Javier Hernández Alpízar

“Obtuve información de que Ricardo Peralta, subsecretario de gobierno, entre otros funcionarios de primer nivel, ha tenido encuentros con directivos de empresas periodísticas  para pedirles que disminuyan el número de notas sobre violencia hacia las mujeres, así como las críticas a la rifa del avión presidencial y a la construcción del Tren Maya en el sureste mexicano, bajo la promesa de que recibirán los contratos de publicidad oficial que fueron recortados en este gobierno por razones de austeridad.” Laura Castellanos en “La rabia de las jóvenes feministas cimbra al gobierno de AMLO”, The Washington Post, 6 de marzo de 2020.

 

Las mujeres no son una clase social, no son un sector, una etnia, una minoría o un grupo de presión. En el caso de México son poco más del 52% de la población. Y si bien la guerra de exterminio y neocolonización contra el pueblo mexicano ha tenido miles de muertos y desaparecidos hombres y mujeres, adultas y niñas, sí existe una específica violencia contra las mujeres, crímenes de odio, feminicidios. Sin embargo para Obrador parece ser que son una molestia.

La agenda nacionalista-populista y neoliberal de Obrador no ha incluido jamás una perspectiva de género: en sus discursos de campaña (bastante explícitos para decir que no importa la explotación, el problema único a atacar es la corrupción) jamás usó la palabra “feminicidio”. En su programa de gobierno, la palabra “feminicidio” no aparece. Y cuando las mujeres, con paros, movilizaciones, pintas, cristales rotos y una fuerte voz y presencia en las calles, las escuelas y los medios hicieron visible el fenómeno, Obrador reaccionó con paranoia, como si todo fuera un complot para opacar la rifa del avión en donde el ganador no se lleva un avión.

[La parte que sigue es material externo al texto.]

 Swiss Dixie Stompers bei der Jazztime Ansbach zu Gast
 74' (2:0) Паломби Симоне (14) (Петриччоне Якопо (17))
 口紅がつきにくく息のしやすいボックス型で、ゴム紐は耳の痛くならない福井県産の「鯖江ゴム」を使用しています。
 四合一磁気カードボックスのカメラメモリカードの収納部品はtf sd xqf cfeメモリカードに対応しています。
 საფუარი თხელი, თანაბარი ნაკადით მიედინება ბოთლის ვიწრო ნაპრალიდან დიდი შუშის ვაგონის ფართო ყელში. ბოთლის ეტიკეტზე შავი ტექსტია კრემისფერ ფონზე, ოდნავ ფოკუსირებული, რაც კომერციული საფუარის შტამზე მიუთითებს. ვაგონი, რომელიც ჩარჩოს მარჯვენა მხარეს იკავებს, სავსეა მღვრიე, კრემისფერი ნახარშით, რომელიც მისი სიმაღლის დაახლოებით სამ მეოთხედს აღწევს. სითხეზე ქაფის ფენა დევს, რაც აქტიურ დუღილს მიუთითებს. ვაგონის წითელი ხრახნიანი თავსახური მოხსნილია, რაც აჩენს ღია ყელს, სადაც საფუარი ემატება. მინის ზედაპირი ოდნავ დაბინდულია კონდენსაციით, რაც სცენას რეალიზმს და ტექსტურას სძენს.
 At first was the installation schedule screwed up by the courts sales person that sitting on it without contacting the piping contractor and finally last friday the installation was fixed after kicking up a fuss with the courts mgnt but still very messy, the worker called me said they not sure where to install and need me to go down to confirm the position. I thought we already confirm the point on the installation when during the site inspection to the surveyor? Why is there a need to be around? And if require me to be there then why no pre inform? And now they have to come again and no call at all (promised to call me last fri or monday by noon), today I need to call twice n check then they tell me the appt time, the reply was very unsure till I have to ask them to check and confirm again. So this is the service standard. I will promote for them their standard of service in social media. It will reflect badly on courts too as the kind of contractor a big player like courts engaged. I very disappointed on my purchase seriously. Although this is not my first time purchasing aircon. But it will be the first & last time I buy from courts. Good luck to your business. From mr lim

Incluso algunos de los más acérrimos críticos de AMLO esperaban que por lo menos la violencia, la represión, las desapariciones, los asesinatos y los feminicidios, disminuyeran con su llegada al poder. Entre las defensoras del territorio, sabían que no se detendría la guerra por el territorio, pero, al menos, eso creían, ya no asesinarían a los defensores. Incluso esas expectativas mínimas se han revelado ilusorias: 2019, el primer año de gobierno de Obrador, es el más violento en la historia reciente, superando los violentos records de Calderón y Peña. 2019 ha sido especialmente un año nafasto en la violencia contra las mujeres, feminicidios, desapariciones, asesinatos, ataques a defensores del territorio y comunicadores o periodistas: los casos de Samir Flores, de la familia Le Barón, de las mujeres víctimas como Ingrid y Fátima mostraron que en ese aspecto, central en la vida pública mexicana, no hay cambio, ni voluntad de cambio.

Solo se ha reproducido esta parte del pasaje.